Every line from the one with "Geomagnetic storms in Dublin on Apr 03, 2009" up to and including the one with "而时代财经在广州亲身体验的三" is to be output exactly as it appears below; pictures are not.
Data under study START
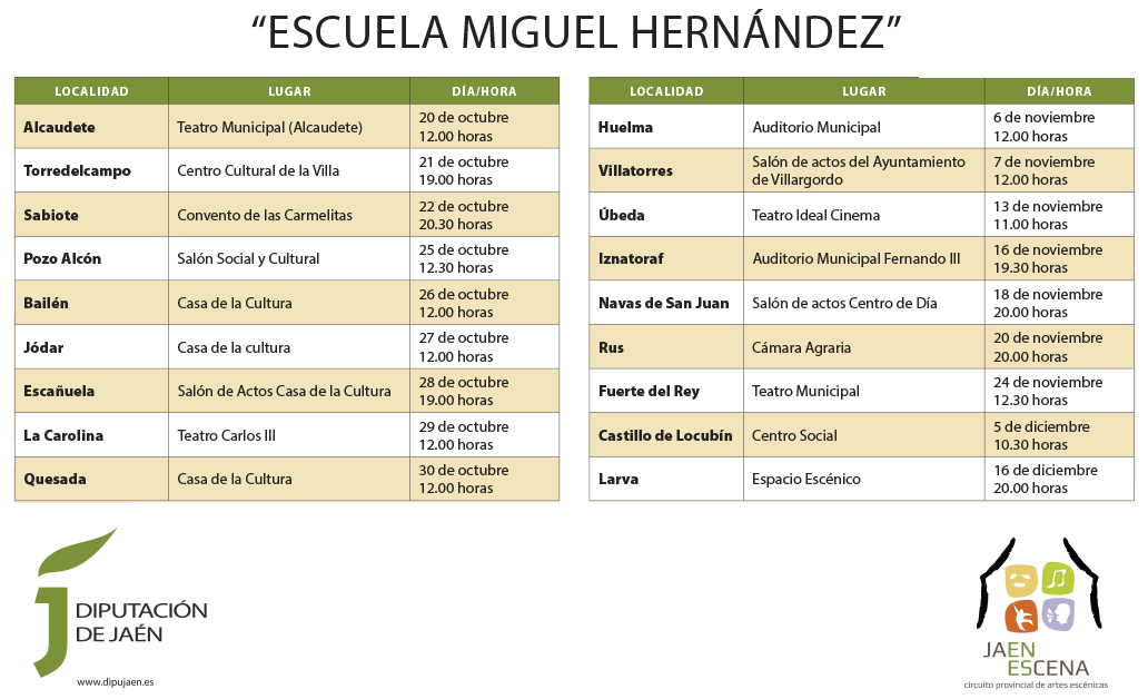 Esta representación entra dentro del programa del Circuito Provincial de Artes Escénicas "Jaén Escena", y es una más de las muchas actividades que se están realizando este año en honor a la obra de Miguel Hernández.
Data under study END
Data under study START
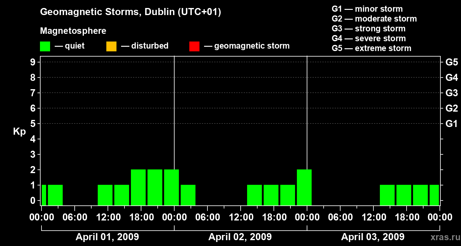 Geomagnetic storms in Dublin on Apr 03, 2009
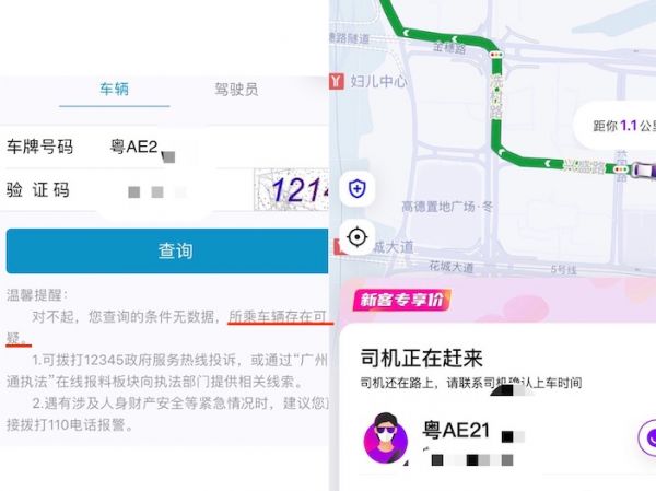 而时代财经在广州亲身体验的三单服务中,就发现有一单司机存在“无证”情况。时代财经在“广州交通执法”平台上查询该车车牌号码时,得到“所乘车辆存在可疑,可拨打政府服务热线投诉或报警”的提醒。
Data under study END
**Result**
 Geomagnetic storms in Dublin on Apr 03, 2009
 而时代财经在广州亲身体验的三单服务中,就发现有一单司机存在“无证”情况。时代财经在“广州交通执法”平台上查询该车车牌号码时,得到“所乘车辆存在可疑,可拨打政府服务热线投诉或报警”的提醒。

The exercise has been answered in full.